Requirement:
Starting at the first line of the data, print each line verbatim up to and including the line bearing "Figure 6.6. Evelyn", omitting pictures.

Supplied records:

● ● ●

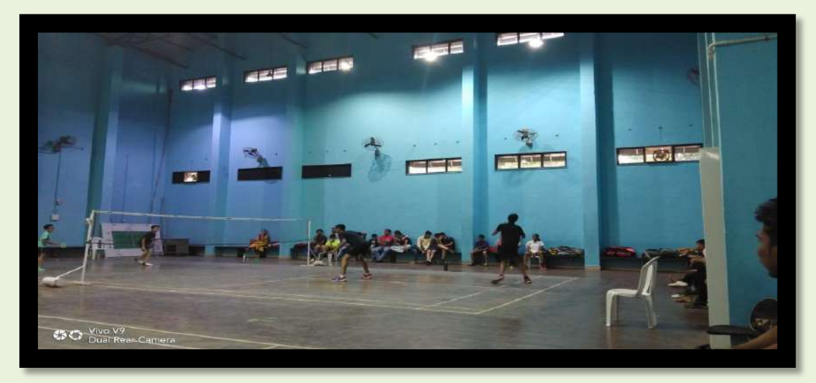
Intercollegiate Badminton Tournament

A Click with A Judges during Intra faculty Badminton Tournament
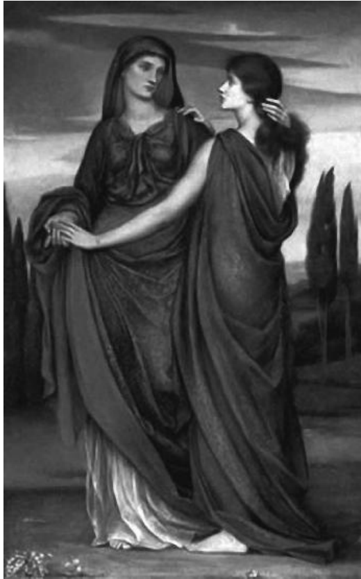
Figure 6.6. Evelyn de Morgan, Ruth and Naomi .

interest. Romanticizing readings find more in Ruth and Boaz's relationship than a kinsman's willingness to take responsibility for the welfare of two needy female relatives, or the juridical issue of redemption, or the obligation of a kinsman to perpetuate his relative's family and 'the name of the dead in his inheritance' (4.10), 53 or even a model for living according to the dictates of hesed . 54 They find feelings . They probe into characters' emotions that the
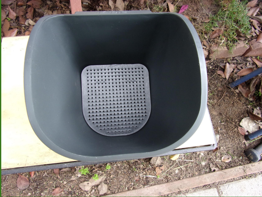
Place drainage screen in bottom of pot
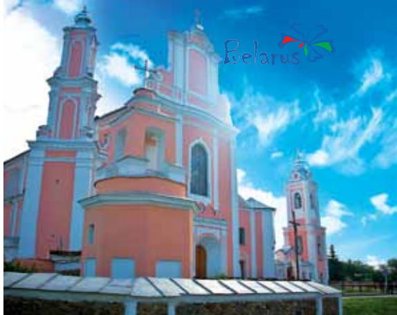
▲ Peter and Paul Catholic Church in Baruny

ruins of a medieval castle of the Sapiehi is preserved (early XVII century) 17 . Franciscan Monastery and THE Church of St. John the Baptist are also worth visiting (XVII century) 18 . The legend has it that the castle and the monastery were inhabited by ghosts. From Golshany it is easy to get to Boruny (Oshmyany district, Grodno Region, GPS: 54°19'4"N, 26°8'11"E ), where a spectacular St. Peter and Paul Church makes an ever-lasting impression on travelers (XVIII century) 19 . The temple became famous due to a 300-year-old wonder-working icon of Borunsk Mother of God.
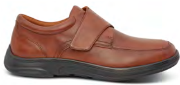
Casual Oxford Burnished Brown
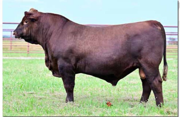
LUCAS LASER BEAM 724L Sells as Lot 111.
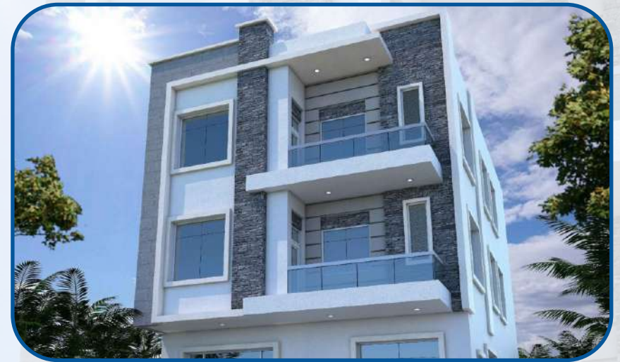
Ground+2 Villa + Roof + Boundary Wall Helio 2, Ajman - UAE.
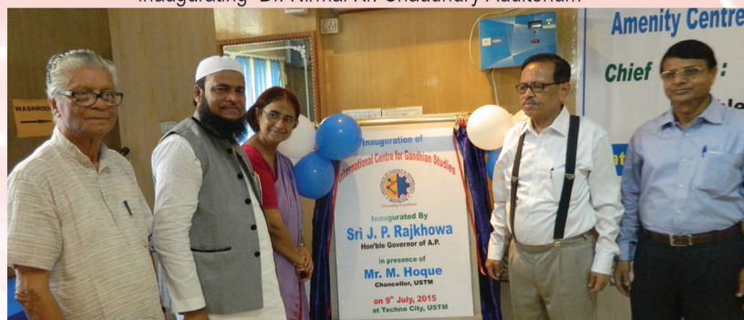
Shri Jyoti Prasad Rajkhowa, Former Governor of Arunachal Pradesh inaugurating the "International Centre for Gandhian Studies" (ICGS)
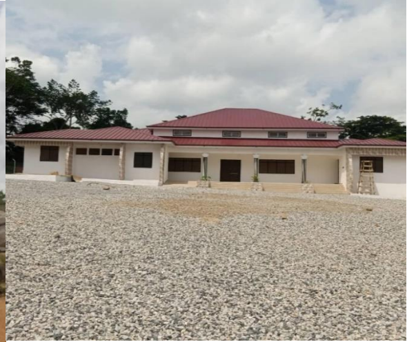
District Magistrate Court at Agona Nsaba
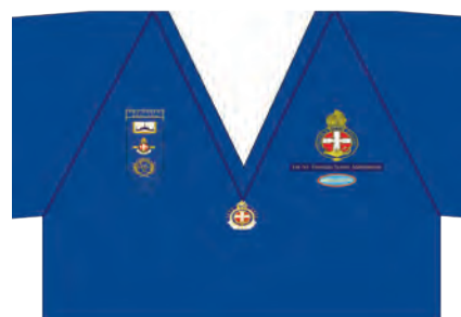
With 125th Anniversary Badge
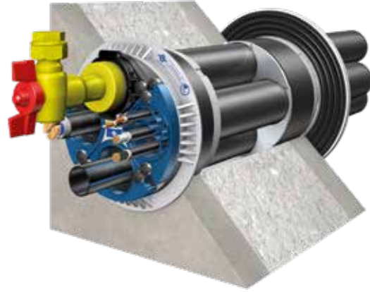
Quadro-Sicura® Nova 1/wide With wide outer seal
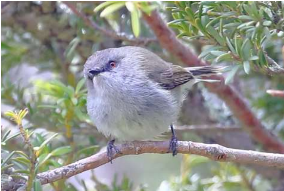
Grey Warbler – Gray Gerygone
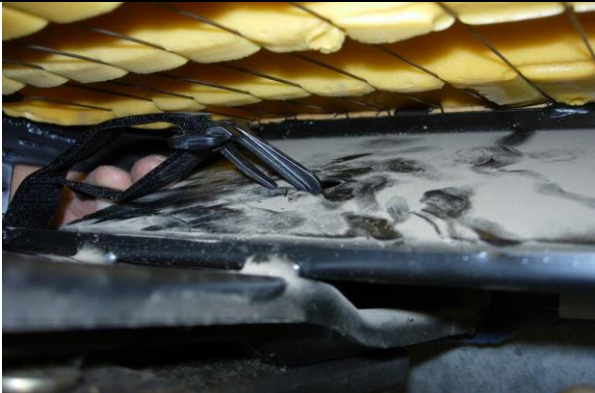
Step 15. Bottom/B: Clip the plastic buckle into the metal pan where shown.
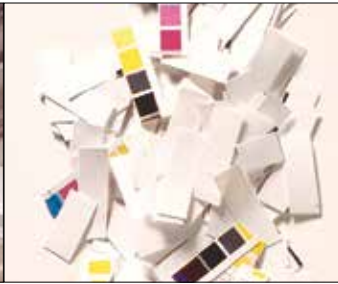
Trim cut from paper and film production machines
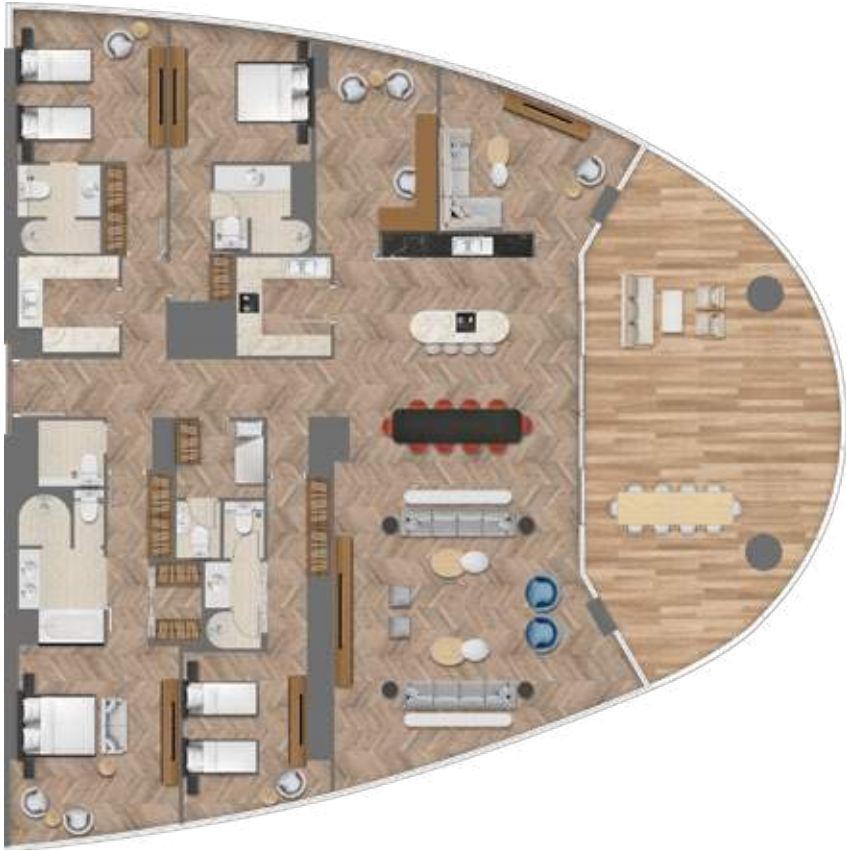
4 BEDROOM APARTMENT, TYPE A

● ● ●

Problem solution:
Intercollegiate Badminton Tournament

A Click with A Judges during Intra faculty Badminton Tournament
Figure 6.6. Evelyn de Morgan, Ruth and Naomi .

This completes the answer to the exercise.